Questa insoddisfazione vista da qui appare un po’ lunare dal momento che lo sforzo che ci attende in patria per far capire che se pensiamo di utilizzare quei business as usual stavolta oltre a fare i soliti danni ci prendono a sportellate anche a Bruxelles.
C’è davvero uno scarto spaventoso tra quella che è la direzione in cui va l’economia europea alla ricerca di forme di sviluppo più sostenibili sul piano dell’impatto ambientale e del rispetto dei territori, ma anche più responsabili socialmente e in grado di offrire lavoro più stabile e proiettato nel futuro e la stanca retorica italiana – quasi unanime ahimè – su necessità infrastrutture (leggasi strade e autostrade), incentivazione di ogni forma di consumo a prescindere dai suoi impatti sull’uso delle risorse, e magari alle idee (sempre in agguato) di nuovi condoni.

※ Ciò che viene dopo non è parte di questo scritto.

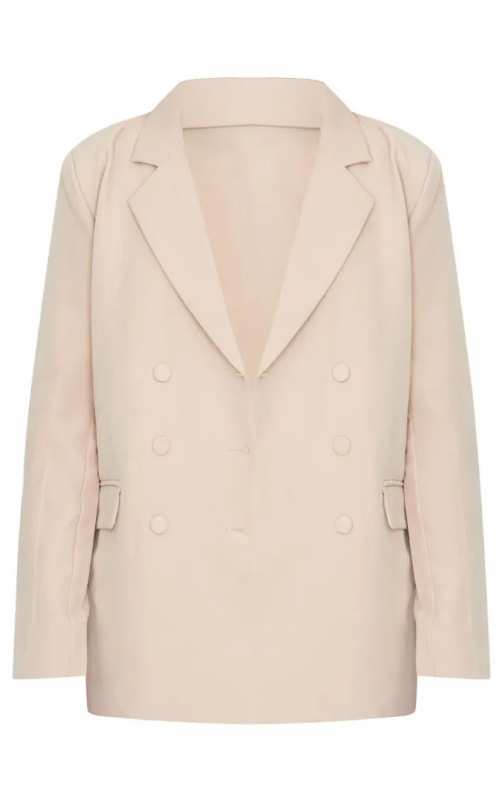 Add some chic vibes to any look with this stone oversized double breasted covered button blazer. Made froma stone woven material with an oversized fit and button-down design, how can you say no? Team this stone blazer with a mini skirt, a top and heels for look we’re loving for your weekend plans.
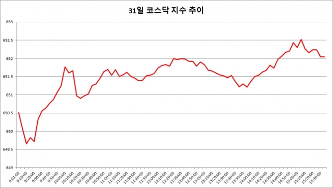 31일 코스닥은 전거래일대비 2.98포인트(0.46%) 오른 652.04로 마감했다. 코스닥이 종가 기준으로 650선을 기록한 것은 지난해 10월21일(651.77) 이후 150거래일만에 처음이다.

La strada dovrebbe essere invece quella opposta e la questione della plastica ne è un buon esempio. Questo paese è stato all’avanguardia sul tema, prima mettendo al bando i sacchetti, poi le microplastiche nei prodotti cosmetici da risciacquo e i cotton fioc. Con il divieto sui sacchetti abbiamo raggiunto già adesso gli obiettivi che l’Europa si pone solo ora. Un miracolo? No. Una virtuosa alleanza tra cittadini disposti a cambiare stili di vita e un’industria innovativa in grado di realizzare materiale biodegradabile e compostabile di origine vegetale rinnovabile capace di sostituire quello inquinante.
Abbiamo l’occasione di procedere spediti su questa strada costruendo le condizione per un’effettiva riconversione ecologica di un pezzo importante della nostra industria, innanzitutto non rinunciando all’introduzione di una plastic tax che scoraggi l’abuso di quel materiale, incoraggi il riuso, il riciclo e l’utilizzo di materiali alternativi, e nel frattempo, nel recepimento della direttiva europea che riduce e in alcuni casi vieta i manufatti in plastica monouso (a partire dalle stoviglie) cogliere nuovamente l’occasione per favorire la riconversione industriale e l’utilizzo di quei materiali compostabili che possono tranquillamente proseguire il loro ciclo di vita nella raccolta differenziata dell’umido.
La nostra speranza e la battaglia che vogliamo condurre è che il Governo e il parlamento imbocchino la strada giusta, ma è necessario riuscire contemporaneamente a far affermare questi concetti nel dibattito pubblico.